### The problem
Please keep to the lines below from the one with "We have built" through the one with "排列三第244期图文(爱我彩规),四胆推荐展示", and restate them word for word, ends included.

### Listed records
BEGIN
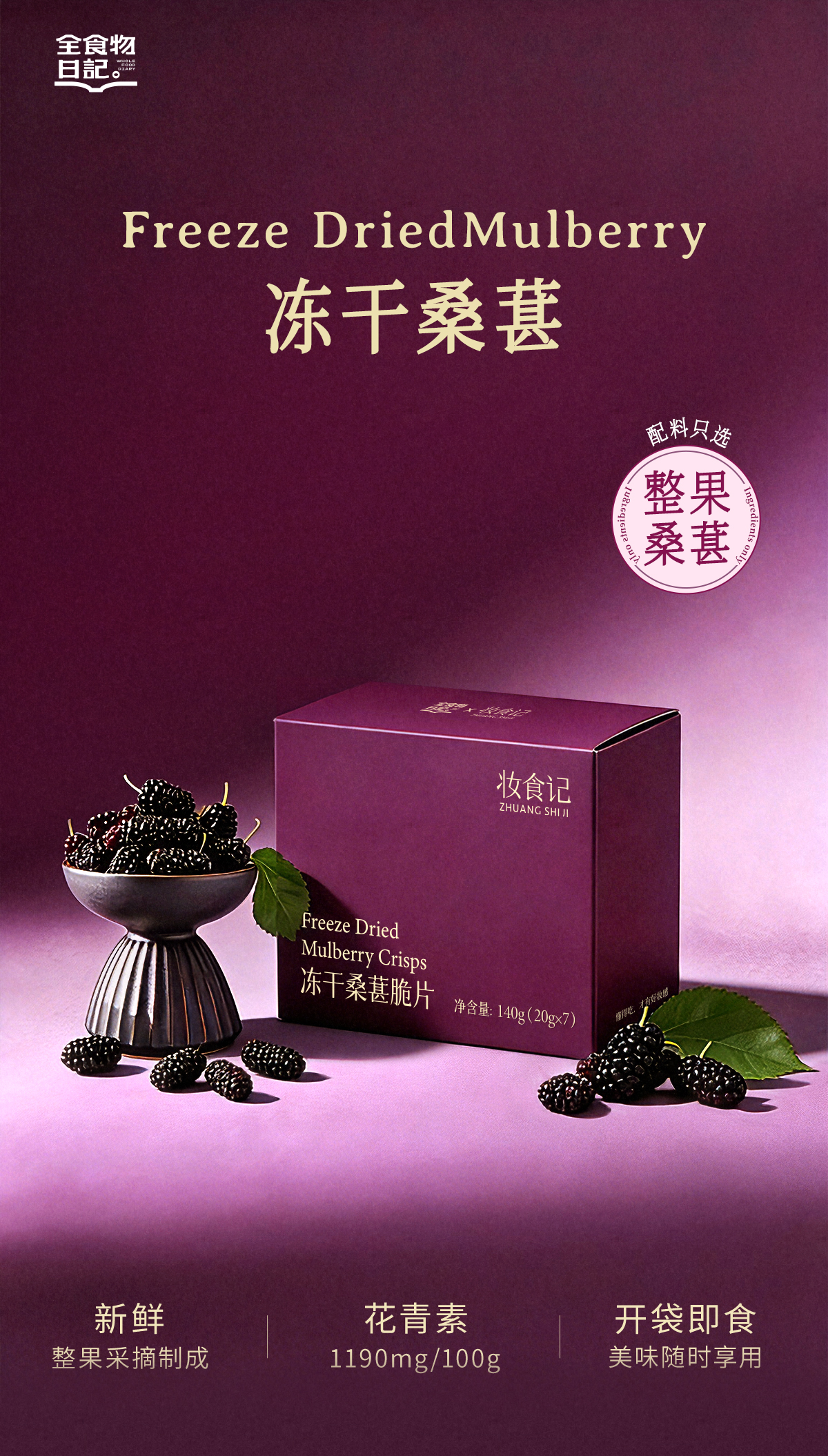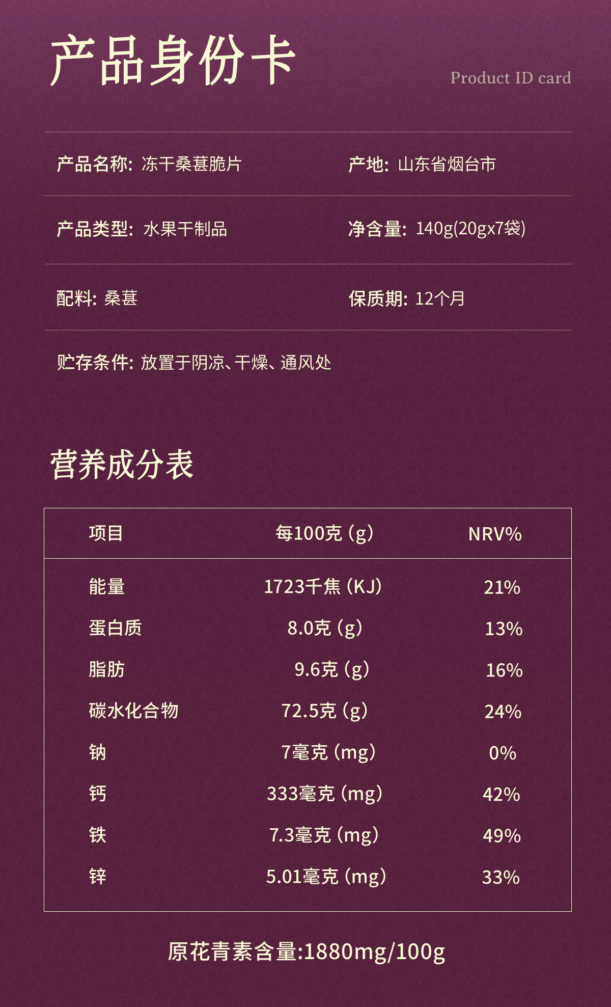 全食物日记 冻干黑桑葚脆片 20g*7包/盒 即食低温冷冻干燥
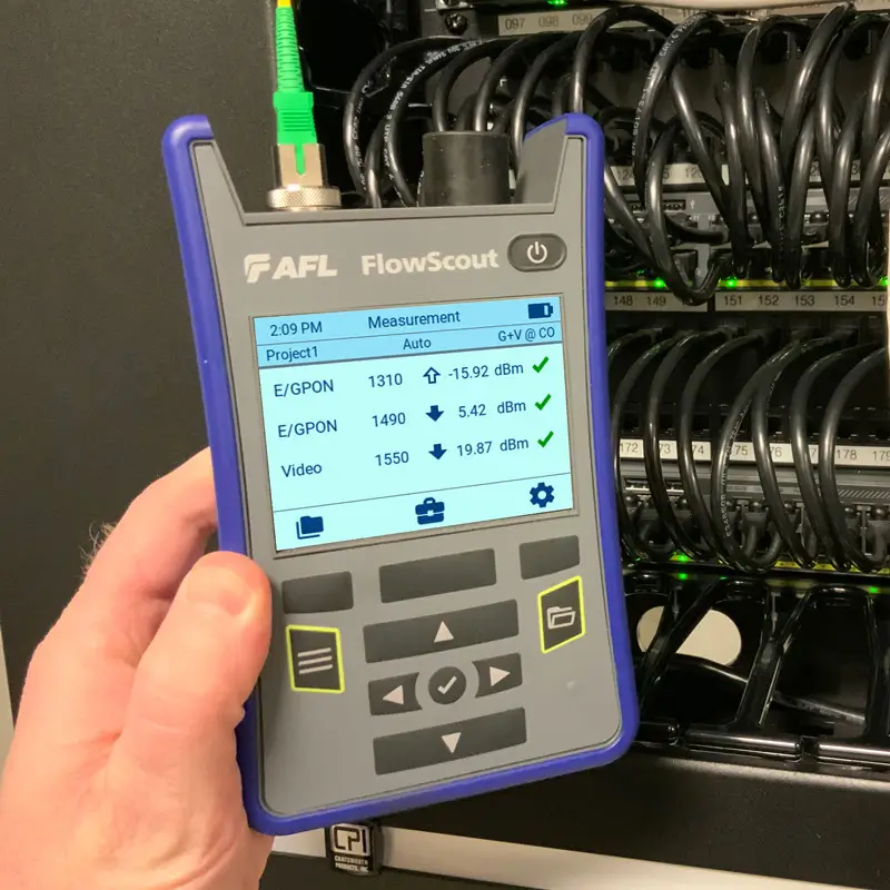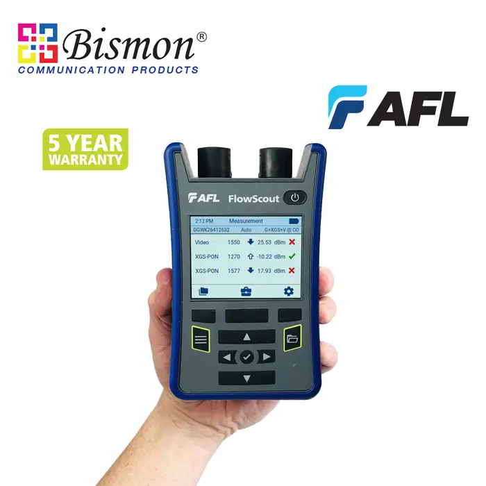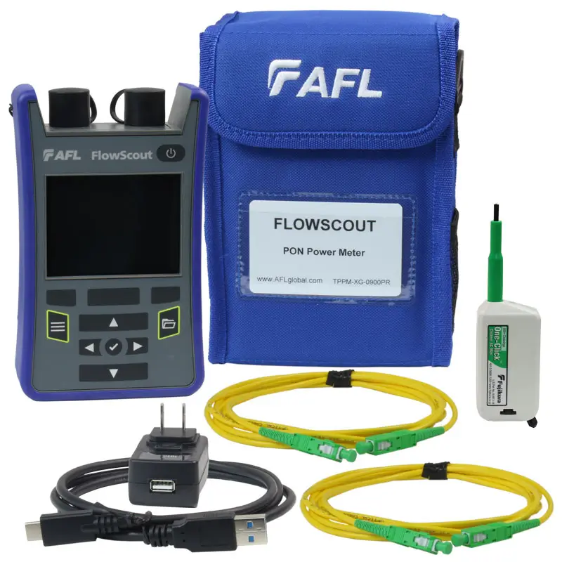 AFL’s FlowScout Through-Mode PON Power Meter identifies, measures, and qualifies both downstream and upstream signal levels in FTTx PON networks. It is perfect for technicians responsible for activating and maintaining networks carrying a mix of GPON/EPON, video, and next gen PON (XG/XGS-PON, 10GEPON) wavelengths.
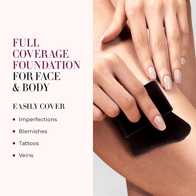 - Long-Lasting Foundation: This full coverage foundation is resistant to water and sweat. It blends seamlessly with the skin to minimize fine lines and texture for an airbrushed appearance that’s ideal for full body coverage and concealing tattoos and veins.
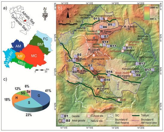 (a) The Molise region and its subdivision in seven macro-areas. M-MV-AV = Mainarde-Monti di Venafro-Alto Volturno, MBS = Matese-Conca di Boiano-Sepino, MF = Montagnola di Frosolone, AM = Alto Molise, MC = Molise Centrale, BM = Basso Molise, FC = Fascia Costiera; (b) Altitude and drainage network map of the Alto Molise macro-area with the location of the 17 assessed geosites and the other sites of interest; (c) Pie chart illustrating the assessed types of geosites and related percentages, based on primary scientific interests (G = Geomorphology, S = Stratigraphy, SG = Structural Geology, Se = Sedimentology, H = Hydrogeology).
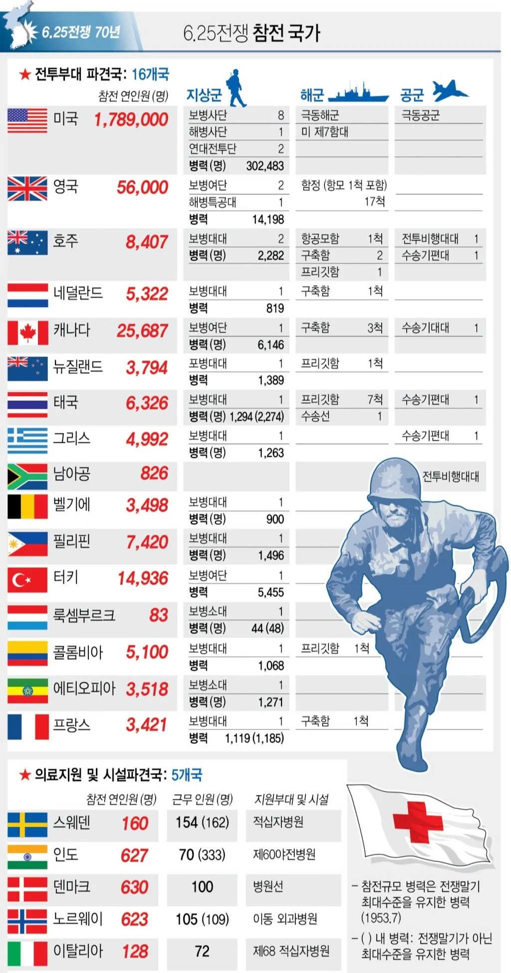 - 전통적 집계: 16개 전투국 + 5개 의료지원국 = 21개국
END
BEGIN
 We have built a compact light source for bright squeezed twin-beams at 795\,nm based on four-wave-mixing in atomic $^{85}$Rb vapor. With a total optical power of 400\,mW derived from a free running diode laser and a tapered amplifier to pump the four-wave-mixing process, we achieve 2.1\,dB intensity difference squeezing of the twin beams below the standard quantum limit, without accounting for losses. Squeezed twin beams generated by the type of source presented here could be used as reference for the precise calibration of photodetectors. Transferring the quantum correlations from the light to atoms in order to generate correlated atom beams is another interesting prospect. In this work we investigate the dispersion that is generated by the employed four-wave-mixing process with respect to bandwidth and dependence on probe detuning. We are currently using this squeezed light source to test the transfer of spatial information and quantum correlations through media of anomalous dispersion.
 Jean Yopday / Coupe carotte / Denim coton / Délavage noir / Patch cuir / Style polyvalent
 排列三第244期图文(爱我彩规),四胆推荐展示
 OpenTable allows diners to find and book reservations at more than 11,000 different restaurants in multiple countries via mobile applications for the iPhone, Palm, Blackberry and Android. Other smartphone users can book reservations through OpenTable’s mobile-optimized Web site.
END
### Result for this exercise
 We have built a compact light source for bright squeezed twin-beams at 795\,nm based on four-wave-mixing in atomic $^{85}$Rb vapor. With a total optical power of 400\,mW derived from a free running diode laser and a tapered amplifier to pump the four-wave-mixing process, we achieve 2.1\,dB intensity difference squeezing of the twin beams below the standard quantum limit, without accounting for losses. Squeezed twin beams generated by the type of source presented here could be used as reference for the precise calibration of photodetectors. Transferring the quantum correlations from the light to atoms in order to generate correlated atom beams is another interesting prospect. In this work we investigate the dispersion that is generated by the employed four-wave-mixing process with respect to bandwidth and dependence on probe detuning. We are currently using this squeezed light source to test the transfer of spatial information and quantum correlations through media of anomalous dispersion.
 Jean Yopday / Coupe carotte / Denim coton / Délavage noir / Patch cuir / Style polyvalent
 排列三第244期图文(爱我彩规),四胆推荐展示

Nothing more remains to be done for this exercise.